バンド始動から2年、前作から1年を待たずして、Solitary Circusのセカンドアルバム『Quiet Clown』が届いた。「ほかのどこにもない音を」という孤高のスピリット、怒涛のライブ活動で得たエネルギー、そして観客の熱狂的な支持を受け、前作以上のダイナミックな音作りにトライした意欲作。様々なエフェクトの使用、初のカバー曲にボーカル曲も加え、音楽的境界線が一気に広がった感がある。
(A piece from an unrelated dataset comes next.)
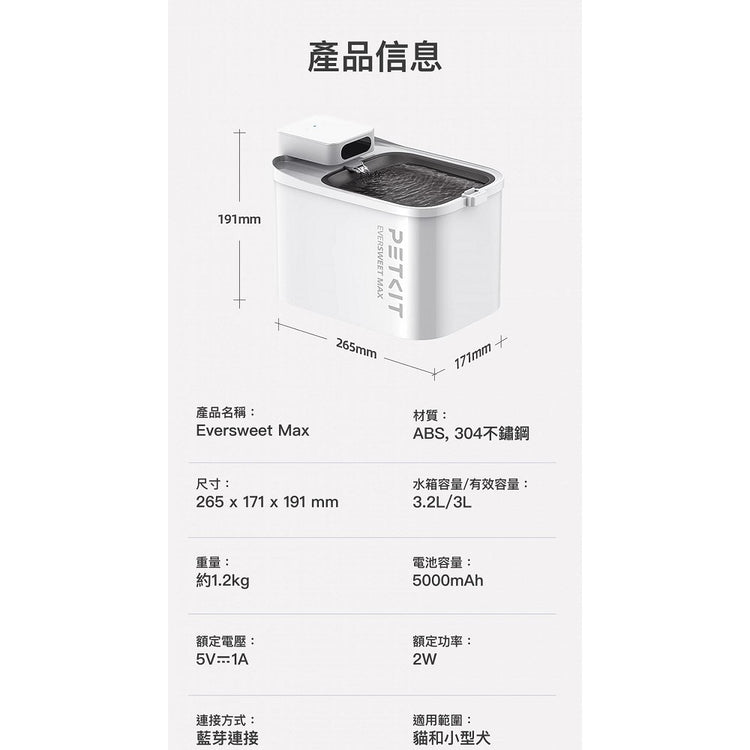 Eversweet Max 擁有3升(105液盎司)的大容量,非常適合於多寵物家庭。告別頻繁補水的麻煩,這個分配器可為兩隻貓或一條狗提供一週的水量供給。

注目は何と言っても「Stompin’ At the Corona」(ラウンジ・リザーズ)、「Block Rockin’ Beats」(ケミカル・ブラザーズ)のカバー、そして盟友・Madoki Yamasaki(山崎円城/F.I.B JOURNAL)の歌をフィーチャーした「Under the Big Top」。3曲を中心に、アルバムの手ごたえとバンドの現在位置について、伊藤隆郎(ドラムス)、織田祐亮(トランペット)、青木ケイタ(バリトンサックス)に話を聞いた。(-前編)
■INTERVIEW: 宮本英夫
◆RELEASE INFORMATION◆

Solitary Circus 『Quiet Clown』
BTSR-002 / BIG TOP SESSIONS
¥3,000 (Tax in)
01. 独奏Op. I (Drums Interlude)
02. Stompin’ At the Corona
03. Under the Big Top feat. Madoki Yamasaki
04. Pantomime
05. Block Rockin’ Beats ※先行配信第1弾
06. Parade ※先行配信第2弾
07. Half Moon
08. 独奏Op. II (Drums Interlude)
09. Rodeo
10. Fire Breath
11. 足跡 ※先行配信第3弾
――アルバムタイトルが『Quiet Clown』。静かなる道化師、ですか。
伊藤隆郎元々メンバーの中で、「セカンドは”なんとかクラウン”にしたいね」というのがあったんです。僕も色々考えて、たくさん出したんですけど、最終的にみんな気に入ったのがこれでした。Solitary Circusというバンド名は、Solitary=孤独、孤高という言葉と、Circus=賑やかなものを対比させてるんですけど、『Quiet Clown』も同じ感じですね。それが自分たちの本質というか、外へ向かう表現よりも、自分たちの内側に向かって音楽を鳴らして、パッションを爆発させることが大切だと思っているので、『Quiet Clown』も、そういう意味をはらんでいる言葉だなと思います。
――なるほど。
伊藤隆郎ピエロ(フランス語/クラウンは英語)は、中に誰かがいて、演じてるわけじゃないですか。自分との向き合い方みたいな意味も、ピエロの中にはあるだろうなと思いますし、そもそもピエロは喋らないですよね。僕らはインスゥルメンタルで、ライブもノーMCでやっているので、そういったところも表現できてる言葉かもしれない。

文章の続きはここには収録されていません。